**WHAT IS EXPECTED**
Look at the data below and print exactly the lines from its first line through the line with "š„Leather Blue and"; the pictures stay out of the copy.

#### GIVEN INFORMATION ####

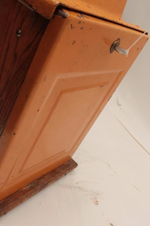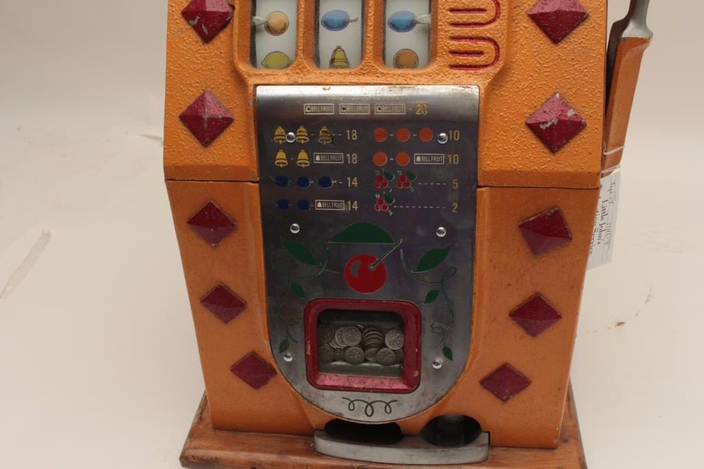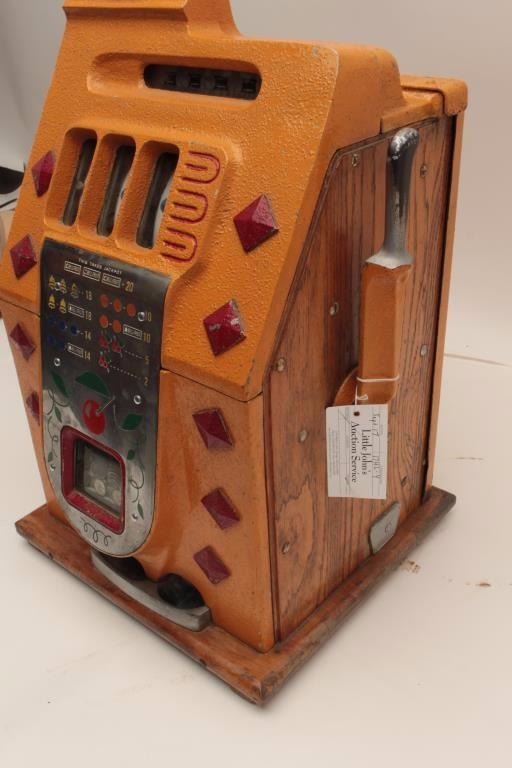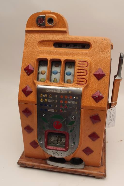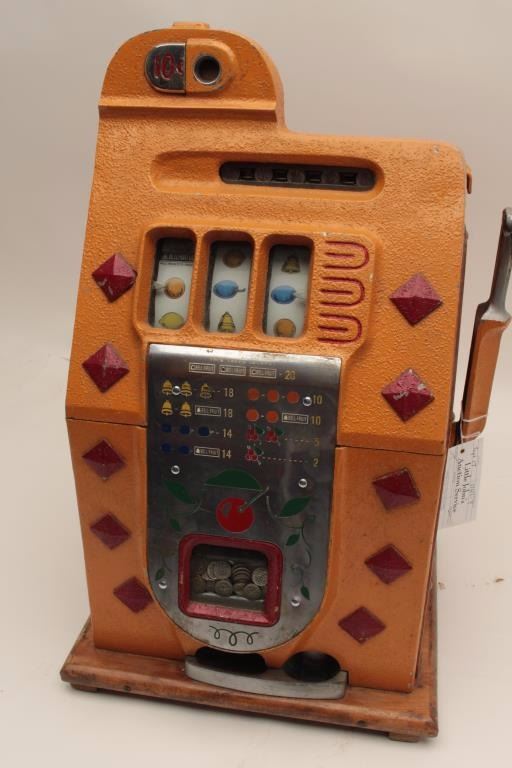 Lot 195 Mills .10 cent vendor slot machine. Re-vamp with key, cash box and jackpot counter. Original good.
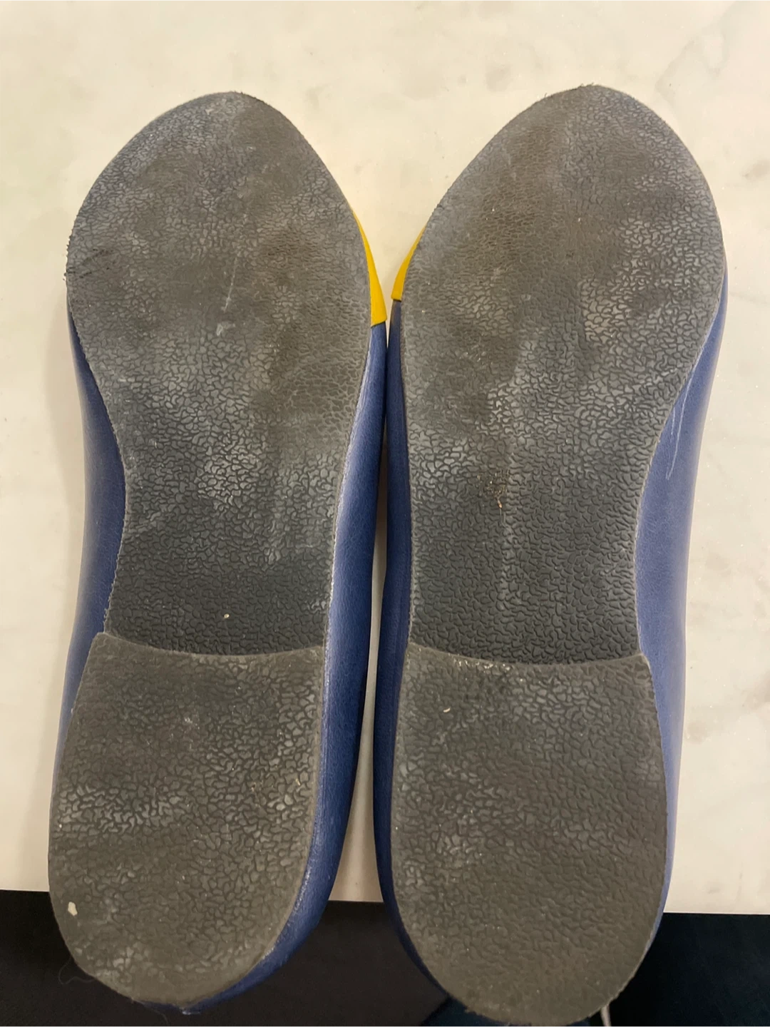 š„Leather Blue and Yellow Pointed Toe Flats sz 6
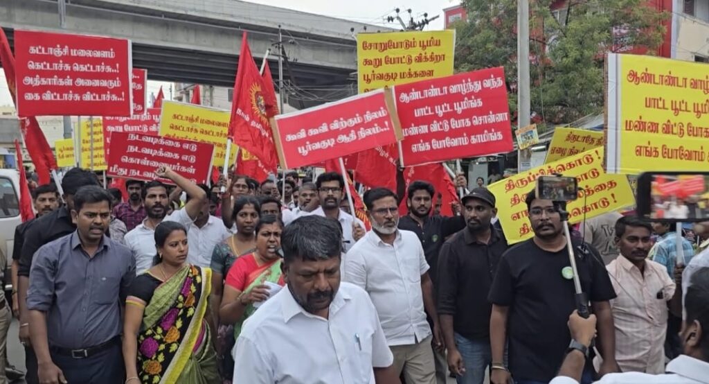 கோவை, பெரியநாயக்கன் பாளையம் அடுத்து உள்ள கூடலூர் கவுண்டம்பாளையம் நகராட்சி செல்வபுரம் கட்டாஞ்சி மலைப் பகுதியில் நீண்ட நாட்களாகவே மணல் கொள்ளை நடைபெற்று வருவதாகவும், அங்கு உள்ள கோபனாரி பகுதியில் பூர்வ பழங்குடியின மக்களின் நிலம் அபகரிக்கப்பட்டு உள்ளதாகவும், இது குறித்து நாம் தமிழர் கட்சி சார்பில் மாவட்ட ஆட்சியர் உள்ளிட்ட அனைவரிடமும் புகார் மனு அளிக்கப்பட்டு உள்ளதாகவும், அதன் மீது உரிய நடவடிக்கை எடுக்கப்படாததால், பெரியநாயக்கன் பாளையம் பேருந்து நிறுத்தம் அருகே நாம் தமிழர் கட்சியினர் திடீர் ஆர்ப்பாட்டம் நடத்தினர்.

####

**PROBLEM SOLUTION**
 Lot 195 Mills .10 cent vendor slot machine. Re-vamp with key, cash box and jackpot counter. Original good.
 š„Leather Blue and Yellow Pointed Toe Flats sz 6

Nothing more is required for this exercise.